Three production-ready bundles you can steal, adapt, and ship today. No toy demos — these have real frontmatter, working cross-links, and folder structures you’d actually deploy.

Hot take: A good bundle passes the “new hire” test. Someone opens index.md and understands the domain in 30 seconds. If they need a guide to navigate it, the structure failed.


1. E-commerce Analytics

A data team documenting their BigQuery tables, metrics, and dashboards. The scenario: a new analyst joins Monday morning and needs to find things without pinging Slack every five minutes.

Folder tree

ecommerce-analytics/
├── index.md
├── tables/
│   ├── index.md
│   ├── orders.md
│   └── customers.md
├── metrics/
│   ├── index.md
│   └── gross-revenue.md
└── log.md

Notice how the structure mirrors the mental model — tables and metrics are separate concerns. No one folder with 40 files.

index.md

# E-commerce Analytics

Knowledge bundle for the Acme e-commerce analytics domain.

# Tables

* [Orders](tables/orders.md) - one row per completed order
* [Customers](tables/customers.md) - customer registry with RFM segmentation

# Metrics

* [Gross Revenue](metrics/gross-revenue.md) - GMV before returns and discounts

This index does one job: orientation. A sentence per item, a link, done. No preamble about “the purpose of this document.”

tables/orders.md

---
type: BigQuery Table
title: Orders
description: One row per finalized order across all channels (app, web, marketplace).
resource: https://console.cloud.google.com/bigquery?p=acme-prod&d=ecommerce&t=orders
tags: [sales, core, revenue]
timestamp: 2026-06-10T14:00:00Z
owner: data-team
sla_freshness: 30min
---

The primary billing table.
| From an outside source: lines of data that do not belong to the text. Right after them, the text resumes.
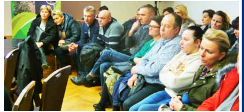
Na czwartkową komisję przyszło wielu rodziców

Czwartkową dyskusję zakończono głosowaniem w przedmiocie wydania opinii o projekcie uchwały o likwidacji Szkoły Podstawowej w Siedlcu. Dwoje radnych było przeciwnych, pięciu za i 1 wstrzymujący, co oznacza, że podobnie jak na poniedziałkowej komisji oświaty większość radnych poparła likwidację placówki.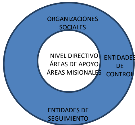
Ilustración 2. Actores internos y externos

De esta forma para los aliados internos se plantean estrategias dirigidas a promover el trabajo en equipo, con comunicación clara, oportuna y eficiente y la generación de herramientas que permitan adelantar procesos de seguimiento físico, financiero, cumplir con la misionalidad de la entidad y la evaluación de las acciones, con el fin de generar información actualizada y adecuada para brindar asesoría pertinente para la toma de decisiones.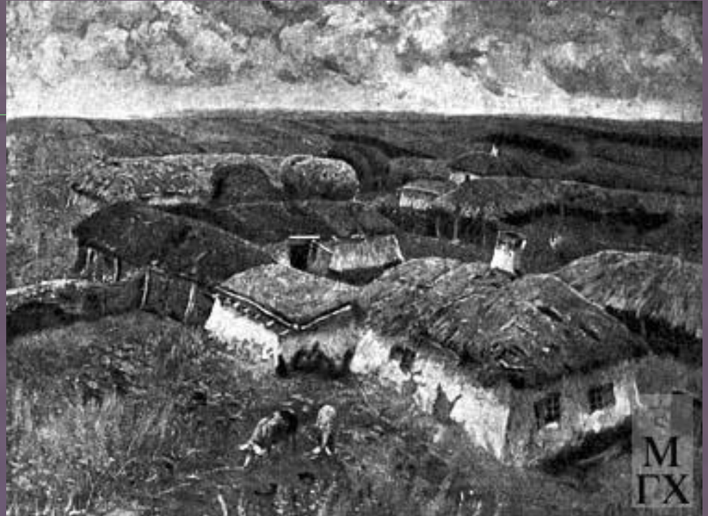
Хутор Шарпаевка. 1912 г.

Детство юного художника прошло в хуторе Шарпаевка Яновской волости Донецкого округа Области Войска Донского ( ныне Ростовская область)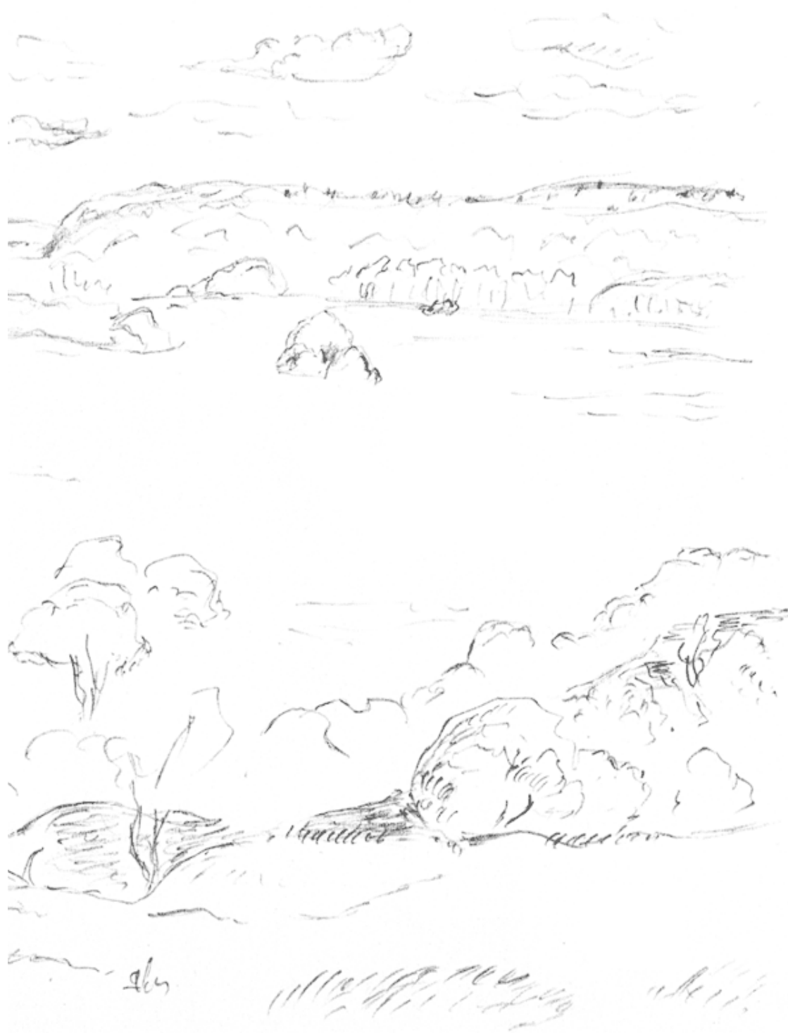
Малоярославец – вид с городища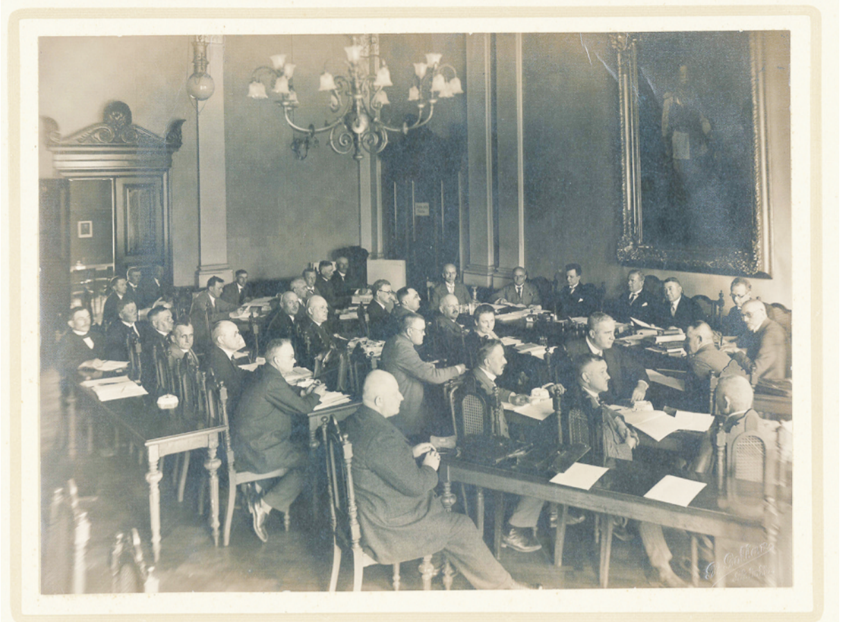
Kreistagssitzung des Kreises Tost-Gleiwitz am 13. Mai 1929.

w Urzędzie Gminy, gdzie społecznie prowadził sprawy finansowe. Zajmował różne stanowiska w Związku Polaków w Niemczech oraz w jego organizacjach gospodarczych, szczególnie na terenie powiatu toszecko-gliwickiego. Przez wiele lat był radnym Rady Powiatu Toszecko-Gliwickiego z ramienia Polsko Katolickiej Partii Ludowej, stawiając sobie za cel obronę ludności mniejszościowej. Po dojściu do władzy partii faszystowskiej został pozbawiony wszystkich zajmowanych stanowisk, w tym również pracy w Urzędzie Gminy. Pod groźbą utraty życia jego i całej rodziny starano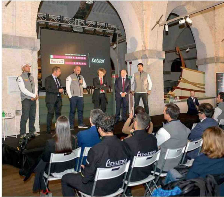
Un momento della presentazione della prestigiosa partnership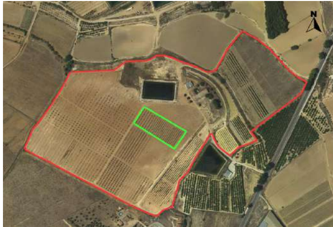
Ubicación de los almendros en intensivo.

La superficie de la parcela demostrativa dentro del proyecto es de 0,55 ha.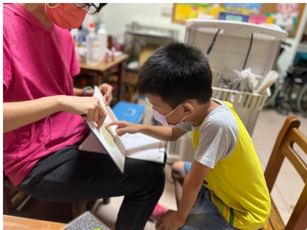
幼兒園學童進行辨色力檢測。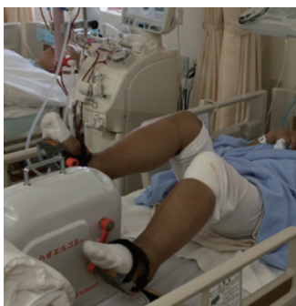
図4 透析中の運動療法

尿蛋白陽性となった方、腎機能の低下を指摘された方は将来透析にならないように、ひとたび透析になってしまった方は“元気な”透析患者でいられるように、我々腎臓内科・血液透析科スタッフがサポートいたします（図4）。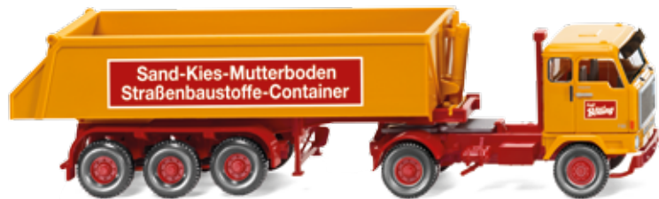
0676 06 Hinterkippersattelzug (Volvo F89) UVP 18,99 €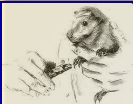
Так следует держать в руке морскую свинку при подстригании когтей.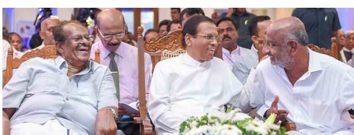
காணாமல் ஆக்கப்பட்டோர் தினத்தில் சனாதிபதியுடன் சிரிப்பு மழையில் தமிழ்த்தேசியக் கூட்டமைப்பினர்

சர்வதேச காணாமலாக்கப்பட்ட தினத்தில் தமிழ்த் தேசியக் கூட்டமைப்பின் இரட்டை வேடம் அம்மபலமாகியுள்ளது. சர்வதேச காணாமலாக்கப்பட்ட தினத்தில் தமிழர் தாயகத்தில் வலிந்து காணாமலாக்கப்பட்ட உறவுகளால் பாரிய கவனயீர்ப்பு போராட்டங்கள் முன்னெடுக்கப்பட்டிருந்தன. இதில் கிழக்கில் நடைபெற்ற போராட்டங்களில் தமிழ்த் தேசியக் கூட்டமைப்பின் எந்தவொரு மக்கள் பிரதிநிதிகளும் பங்கேற்றிருக்கவில்லை.

Every revenue metric starts here.

# Schema

| Column | Type | Description |
|----------------|-----------|--------------------------------------------------|
| `order_id` | STRING | Order UUID. Primary key. |
| `customer_id` | STRING | FK → [customers](/tables/customers.md). |
| `total_usd` | NUMERIC | Total in USD (taxes included, shipping excluded). |
| `status` | STRING | `paid`, `refunded`, `cancelled`. |
| `channel` | STRING | `app`, `web`, `marketplace`. |
| `created_at` | TIMESTAMP | When the order was submitted. |
| `updated_at` | TIMESTAMP | Last status change. |

# Joins

- [customers](/tables/customers.md) via `customer_id`
- Used by [Gross Revenue](/metrics/gross-revenue.md) metric

# Notes

- Orders with `status = cancelled` are **excluded** from revenue calculations.
- Partitioned by `created_at` (DAY). Queries without a date filter will blow up your bill.

# Citations

[1] [Ingestion pipeline docs](https://wiki.acme.internal/data/pipeline-orders)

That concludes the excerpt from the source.